The current Russian military operation has destroyed different parts of Ukraine. Although both sides suffered losses to quite an extent in the operation that began on February 24 (2022), the amount of damage in Ukraine is much higher. Apart from human beings, many of Ukraine’s architectural properties and other assets have also been affected by Russian aggression. One of the most important among them is the world’s largest aircraft, the Antonov An-225 Mriya. On February 26, a Russian missile attack destroyed Mriya. The Ukrainian Minister of Foreign Affairs, Dmytro Ivanovych Kuleba, confirmed the news, saying that Kiev would rebuild this aircraft.
Mriya, which means dream or inspiration in Ukrainian language, was manufactured by the Antonov Design Bureau in the Ukrainian SSR within the Soviet Union during the 1980s. However, this aircraft was not built for passenger transport, as it was a cargo aircraft. This aircraft was destroyed when a Russian missile hit the Hostomel Airport near Kiev on February 26 (2022).
The Antonov Aeronautical Design Bureau of Ukraine had designed the aircraft during the Soviet Era in 1980s. Viktor Tolmachev (August 11, 1934 – June 7, 2018), a Russian engineer and a member of the Russian Academy of Natural Sciences, was the Chief Designer of the An-225 Mriya. Although Antonov built the aircraft in 1985, it took off on December 21, 1988 for the first time. After serving the Soviet Army for three years, the aircraft remained unused for eight long years. Later, Ukraine decided to use the aeroplane for commercial purposes.

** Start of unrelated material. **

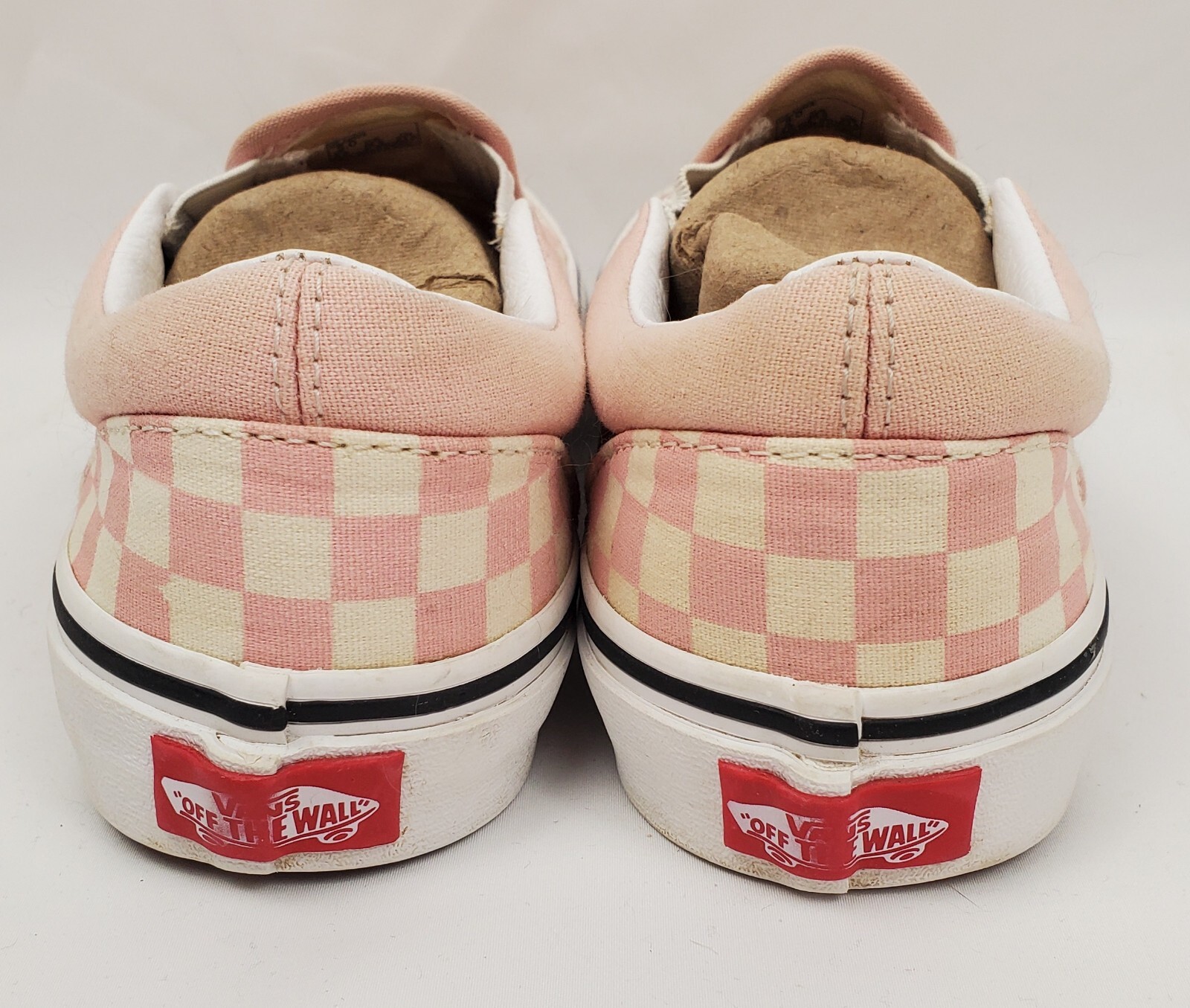 Vans Checkered Off The Wall Slip On Sneakers Shoes Loafers Pink White Size 5 Comfort These are adorable shoes for you or your daughter. They are very comfortable and perfect for any event. The checkered design has elastic for a little stretch in putting the shoes on. The sole of the shoe measures 1". The only "flaw" I can see at all is that the tag on the back of the shoe looks a little worn off. (see pictures) Clean, smoke free home. Please message me if you have any questions at all, especially before buying. Check out my other listings. Thank you for looking!!

Apart from being the largest aircraft in the world, An-225 Mriya created a number of records. It was also the heaviest aircraft in the world, and its wingspan was the largest. This aircraft could fly with a weight of more than 705 tonnes. It had created a record of carrying a single cargo weighing 189,980kg. It had also set a unique record of flying with 253,820kg of cargo. Tourists used to visit Ukraine every year mainly to have a good look at An-225 Mriya.
It may be mentioned here that the erstwhile Soviet Union had used An-225 Mriya to move rocket boosters, and even other aircraft, from one place to another during various space research programmes.